*YOUR TASK*.
Quote exactly, and only, the lines of the material below from the line with "2023年3月14日,重慶躍飛跑酷隊員文舜堯在重慶金州公園拍攝跑酷視頻。" through the line with "BCBGMAXAZRIA Women's Long".

*RECORDS SHOWN*.
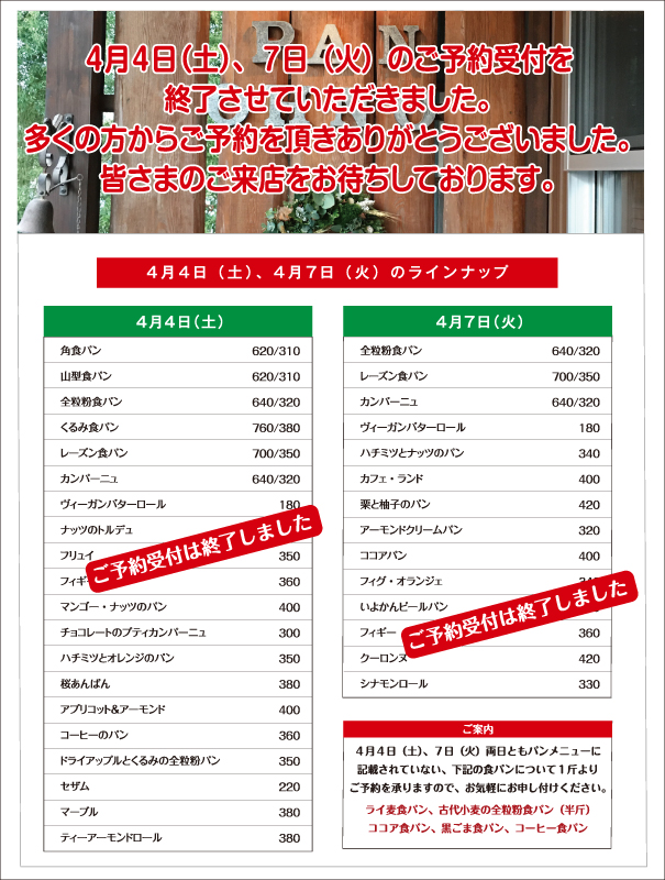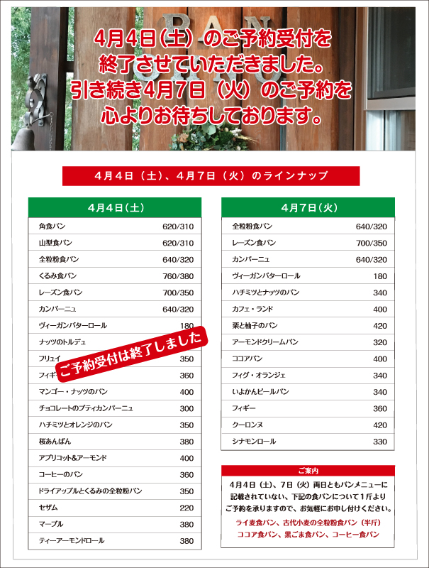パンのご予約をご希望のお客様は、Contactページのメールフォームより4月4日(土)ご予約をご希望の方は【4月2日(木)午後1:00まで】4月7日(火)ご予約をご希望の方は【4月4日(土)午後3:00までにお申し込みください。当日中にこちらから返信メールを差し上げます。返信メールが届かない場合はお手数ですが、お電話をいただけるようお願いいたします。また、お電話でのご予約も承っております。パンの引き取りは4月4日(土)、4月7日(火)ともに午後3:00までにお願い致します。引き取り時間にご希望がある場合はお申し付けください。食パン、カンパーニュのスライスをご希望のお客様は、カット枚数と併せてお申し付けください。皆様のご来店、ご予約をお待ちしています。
---
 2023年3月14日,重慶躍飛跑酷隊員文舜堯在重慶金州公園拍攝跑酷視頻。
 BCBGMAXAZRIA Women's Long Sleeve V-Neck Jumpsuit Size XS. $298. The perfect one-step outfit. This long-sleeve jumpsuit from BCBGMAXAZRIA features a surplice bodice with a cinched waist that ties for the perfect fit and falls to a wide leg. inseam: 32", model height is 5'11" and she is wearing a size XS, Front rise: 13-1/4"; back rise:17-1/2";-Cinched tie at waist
...
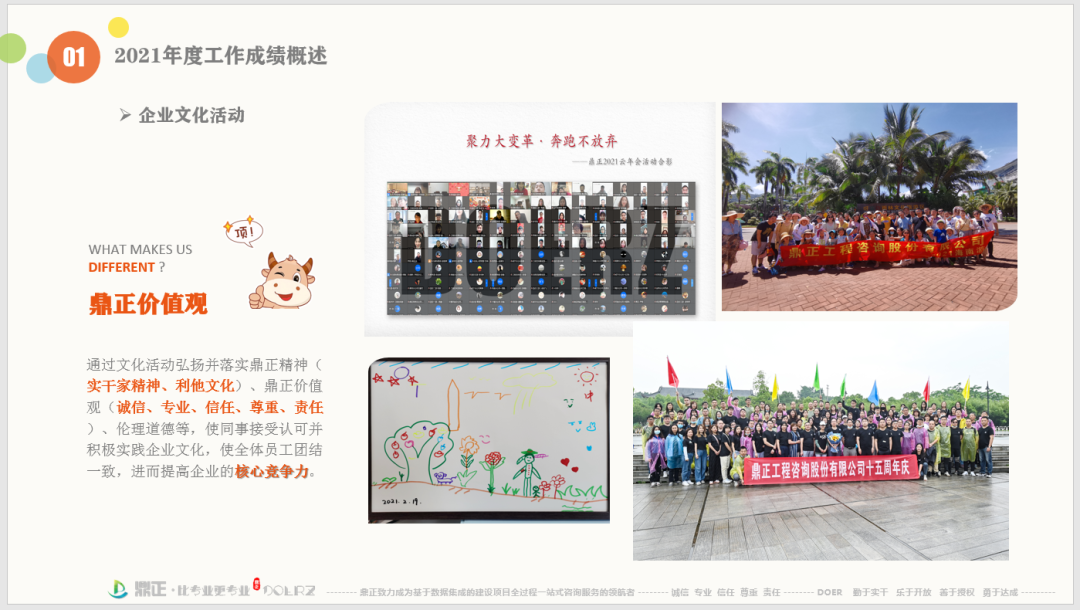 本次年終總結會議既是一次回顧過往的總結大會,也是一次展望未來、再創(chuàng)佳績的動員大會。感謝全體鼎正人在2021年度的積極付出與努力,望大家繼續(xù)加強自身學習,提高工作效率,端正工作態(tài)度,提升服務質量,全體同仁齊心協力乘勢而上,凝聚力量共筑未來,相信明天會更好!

*FINISHED EXERCISE*.
 2023年3月14日,重慶躍飛跑酷隊員文舜堯在重慶金州公園拍攝跑酷視頻。
 BCBGMAXAZRIA Women's Long Sleeve V-Neck Jumpsuit Size XS. $298. The perfect one-step outfit. This long-sleeve jumpsuit from BCBGMAXAZRIA features a surplice bodice with a cinched waist that ties for the perfect fit and falls to a wide leg. inseam: 32", model height is 5'11" and she is wearing a size XS, Front rise: 13-1/4"; back rise:17-1/2";-Cinched tie at waist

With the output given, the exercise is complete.